ASSIGNED TASK
In this exercise, print only the lines from the line with "Relógios de casamento" to the last line of the data below, inclusive. Any pictures should be left out.

[Data extracted from a collection]
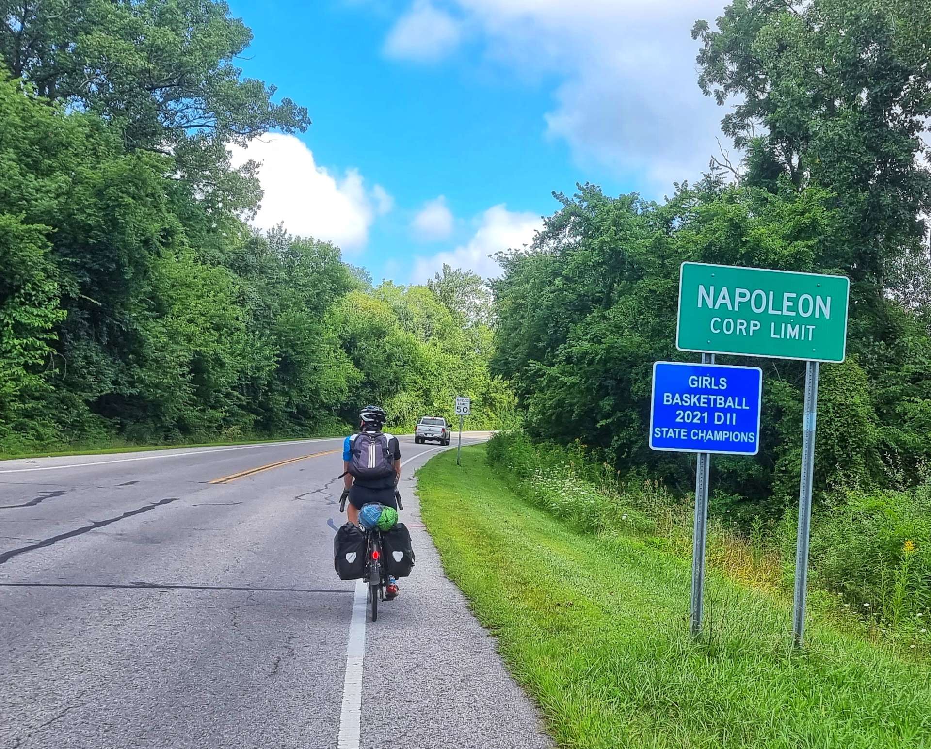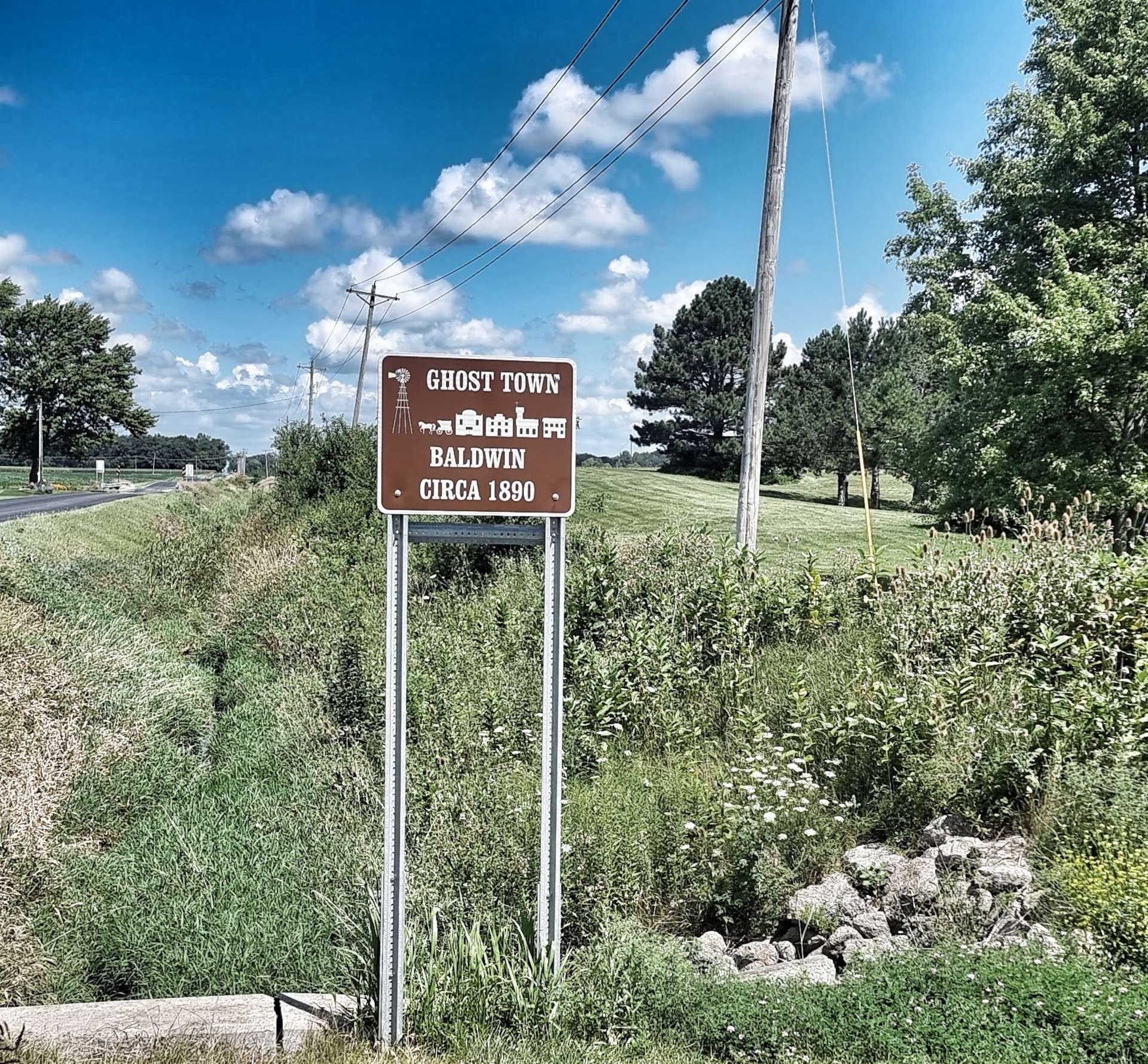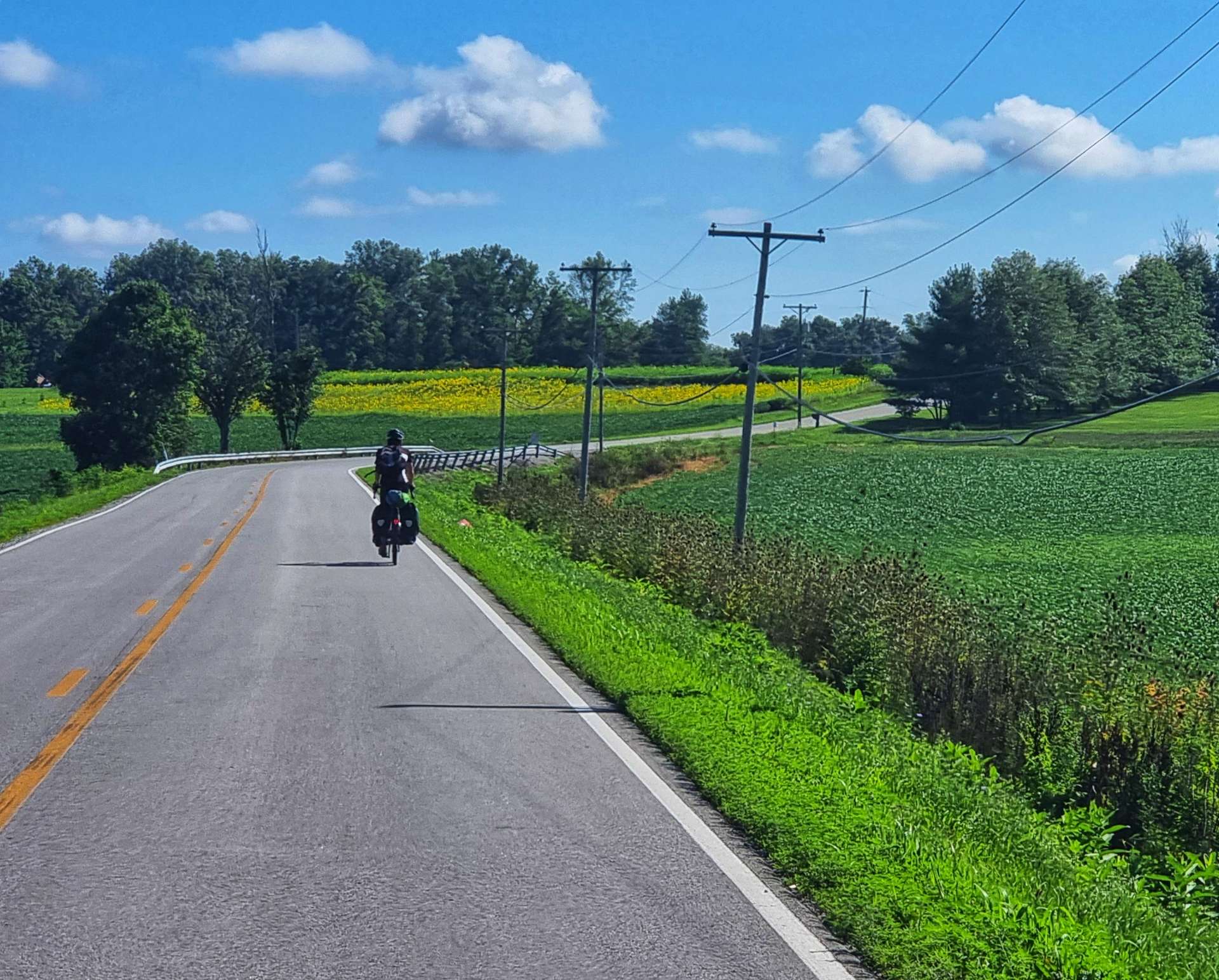 New tarmac had been laid recently & as we cycled along we could feel the road becoming more sticky, as the tar was still warm! As we neared the end of the new road, the road workers had finished for the day & were heading towards us. Baldwin is one of six ghost towns situated in Ohio, near to the Indiana border, but from later research there doesn’t appear to be much to see, so I’m glad we didn’t detour to try & find it!
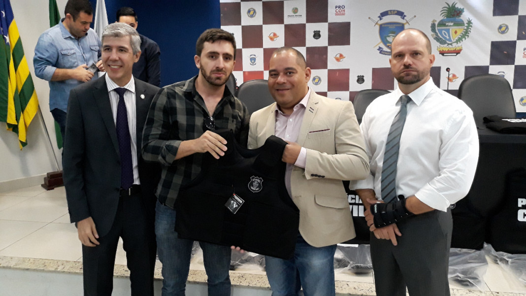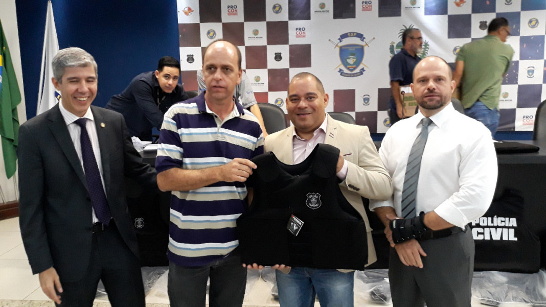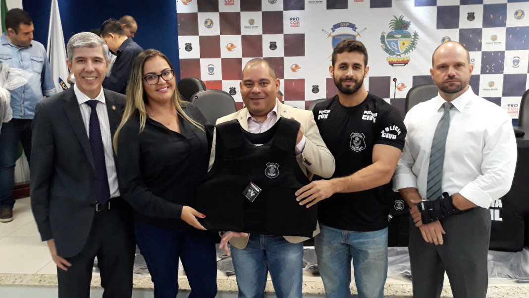 A Diretoria da Polícia Civil de Goiás entregou, na manhã desta quinta-feira (27), a delegacias de Goiânia e de municípios do interior, coletes balísticos e viaturas adquiridos via convênio com a Secretaria Nacional de Segurança Pública (Senasp). Ao todo, a instituição adquiriu 240 coletes balísticos, dos quais 170 foram entregues aos policiais presentes na solenidade. As demais unidades podem ser retiradas pelas delegacias contempladas na Seção de Armamento e Tiro da Polícia Civil. As duas viaturas adquiridas foram entregues à Delegacia Especializada no Atendimento ao Idoso, coordenada pela delegada Ana Lívia Batista.
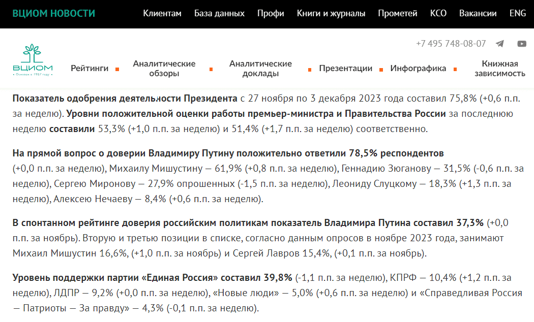 Prema objavljenim podacima na sajtu VTsIOM, na pitanje da li generalno odobravaju ili ne odobravaju aktivnosti ruskog predsednika, 75,8% je odgovorilo da odobrava, 14,8% ne odobrava.
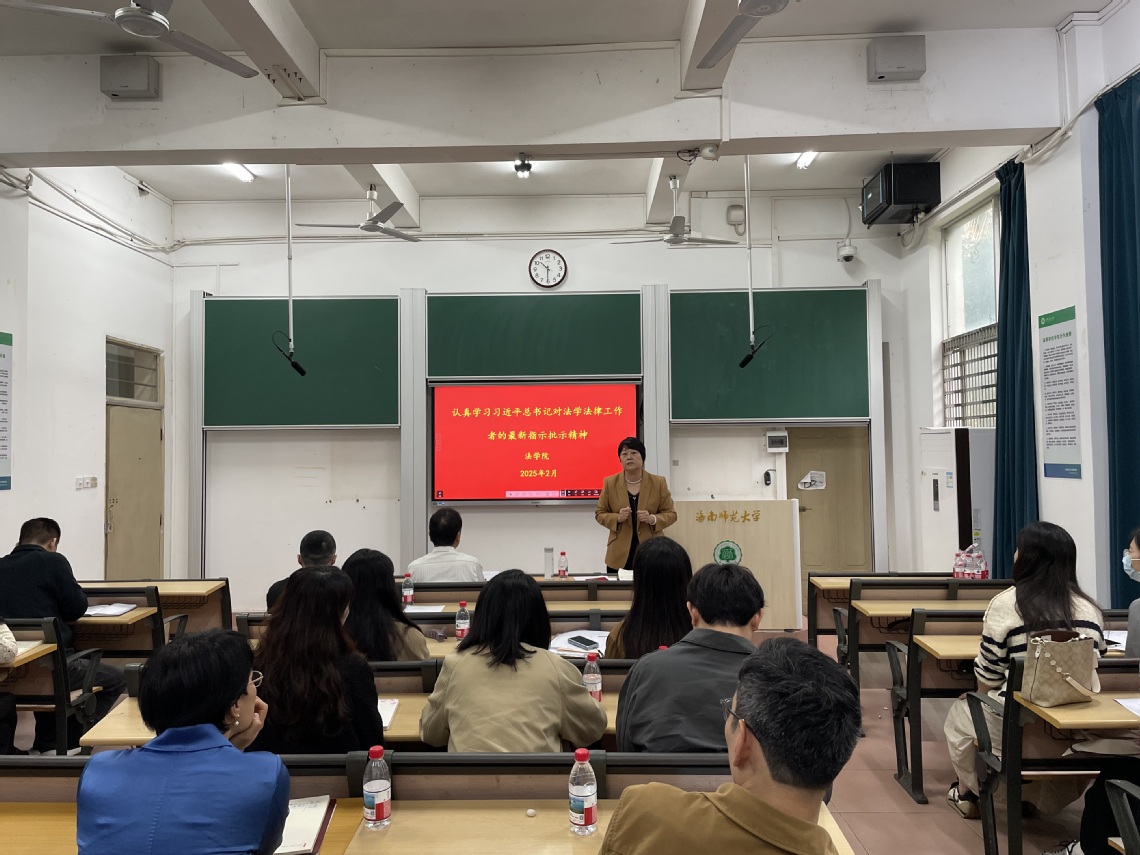 最后,张霞院长作了总结发言,从人才培养、师资队伍、教风学风、学科建设、申报课题等方面对全院教师提出新要求,希望全院教职工团结奋进、守正创新,共同推动学院高质量发展。张院长首先带领教职工再次回顾并认真学习习近平总书记对法学法律工作者的最新指示批示精神:“扎实做好繁荣法学研究、服务法治实践、加强法治宣传、培养法治人才等工作,努力开创法学会事业发展新局面。”张院长叮嘱大家围绕深入学习贯彻党的二十届三中全会和全国教育大会精神,立足落实立德树人根本任务,对照学校确立的目标任务,研讨法学院2025年度工作计划的目标、任务和举措,全面梳理工作重点难点,系统部署学院2025年度重点工作。张院长指出,2024年我院在学校党委的坚强领导下,全院上下团结一心、攻坚克难,学院各项工作取得了可圈可点的好成绩。2025年是“十四五”规划实施收官之年、“十五五”发展谋篇布局之年,是海南自贸港封关运作、扩大开放之年,也是学校建设全国一流师范大学的全面发力之年。
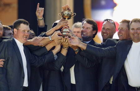 Members of the US Ryder Cup team celebrate with the cup during closing ceremonies after the US team defeated the European team to win the 37th Ryder Cup Championship at the Valhalla Golf Club in Louisville, Kentucky September 21, 2008. From left are Chad Campbell, team captain Paul Azinger, Stewart Cink, Phil Mickelson and Kenny Perry. [Agencies]
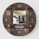 Relógios de casamento para personalizar com a foto do casal e o sobrenome. O fundo rústico de madeira adiciona uma aparência cúbica. Um presente de excelente para casamentos, aniversários e novo lar.
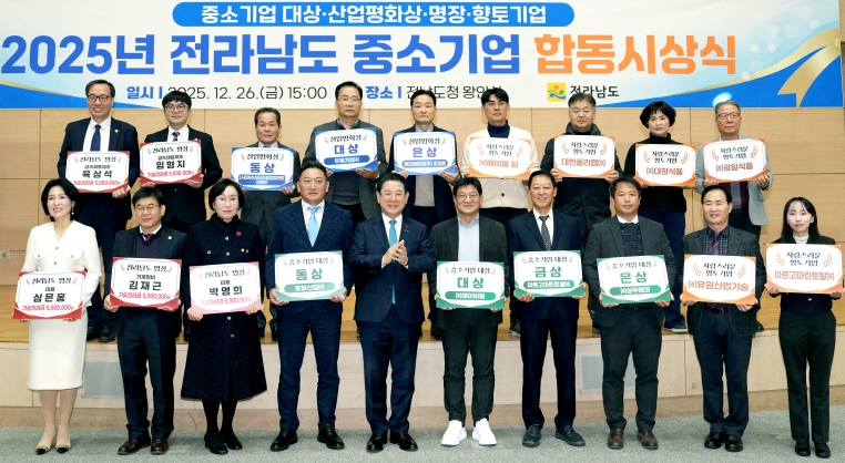 [메이저뉴스]전라남도는 26일 중소기업의 성장과 산업현장 숙련기술인의 공로를 기리기 위해 ‘2025 중소기업 합동 시상식’을 열고 기업경영·노사화합·숙련기술 등 각 분야에서 우수한 성과를 거둔 기업과 개인을 시상했다.

TASK ANSWER
 Relógios de casamento para personalizar com a foto do casal e o sobrenome. O fundo rústico de madeira adiciona uma aparência cúbica. Um presente de excelente para casamentos, aniversários e novo lar.
 [메이저뉴스]전라남도는 26일 중소기업의 성장과 산업현장 숙련기술인의 공로를 기리기 위해 ‘2025 중소기업 합동 시상식’을 열고 기업경영·노사화합·숙련기술 등 각 분야에서 우수한 성과를 거둔 기업과 개인을 시상했다.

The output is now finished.